[SUPPLIED RECORDS Boundary: Start]
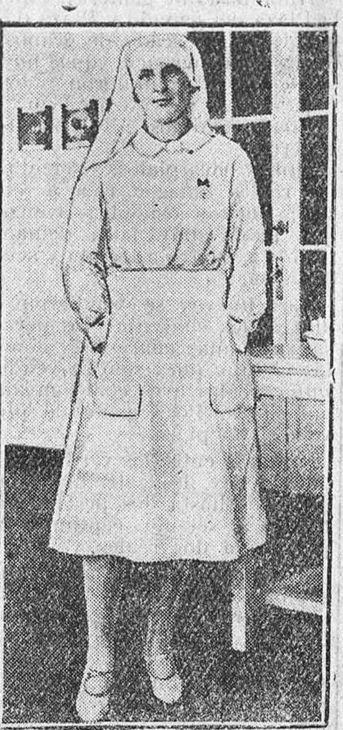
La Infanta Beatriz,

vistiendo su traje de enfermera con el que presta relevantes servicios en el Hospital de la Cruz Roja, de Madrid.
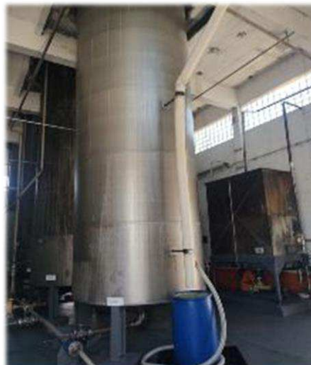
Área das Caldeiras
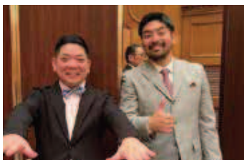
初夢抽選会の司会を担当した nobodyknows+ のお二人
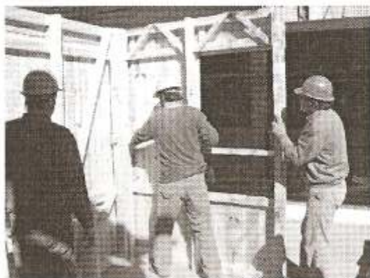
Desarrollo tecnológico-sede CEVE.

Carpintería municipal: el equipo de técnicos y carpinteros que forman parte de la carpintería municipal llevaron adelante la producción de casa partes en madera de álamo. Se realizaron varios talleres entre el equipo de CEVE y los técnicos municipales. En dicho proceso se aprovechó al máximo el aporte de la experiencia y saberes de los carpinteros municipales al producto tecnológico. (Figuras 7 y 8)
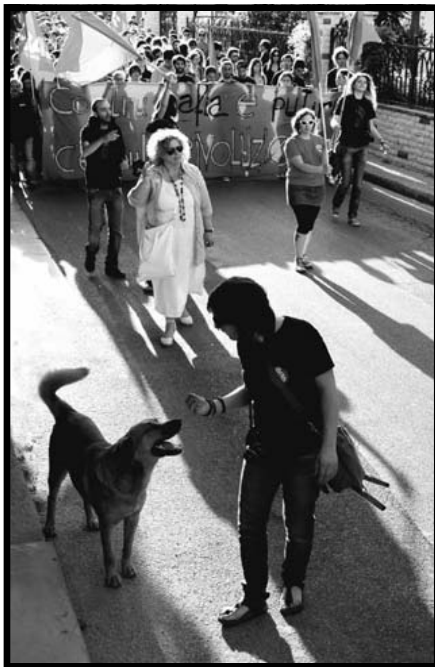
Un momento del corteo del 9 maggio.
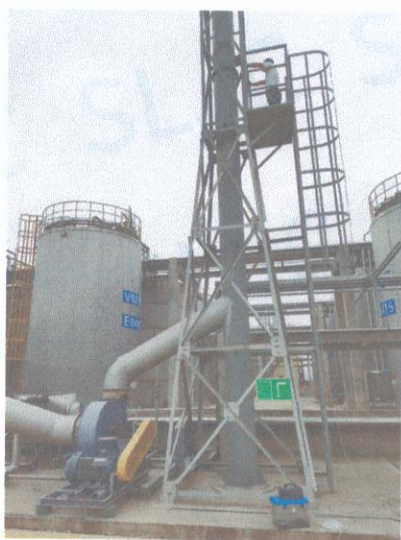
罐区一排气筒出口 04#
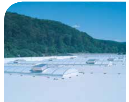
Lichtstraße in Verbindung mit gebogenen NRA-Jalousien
[SUPPLIED RECORDS Boundary: End]
[SUPPLIED RECORDS Boundary: Start]
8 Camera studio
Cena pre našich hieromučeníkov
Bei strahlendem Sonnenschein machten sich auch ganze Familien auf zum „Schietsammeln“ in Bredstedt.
[SUPPLIED RECORDS Boundary: End]
HOW TO COMPLETE THIS TASK. Output should consist of the lines above from the one with "vistiendo su traje" down to the one with "Desarrollo tecnológico-sede CEVE.", exact and without pictures.

RESPONSE AREA.
vistiendo su traje de enfermera con el que presta relevantes servicios en el Hospital de la Cruz Roja, de Madrid.
Área das Caldeiras
初夢抽選会の司会を担当した nobodyknows+ のお二人
Desarrollo tecnológico-sede CEVE.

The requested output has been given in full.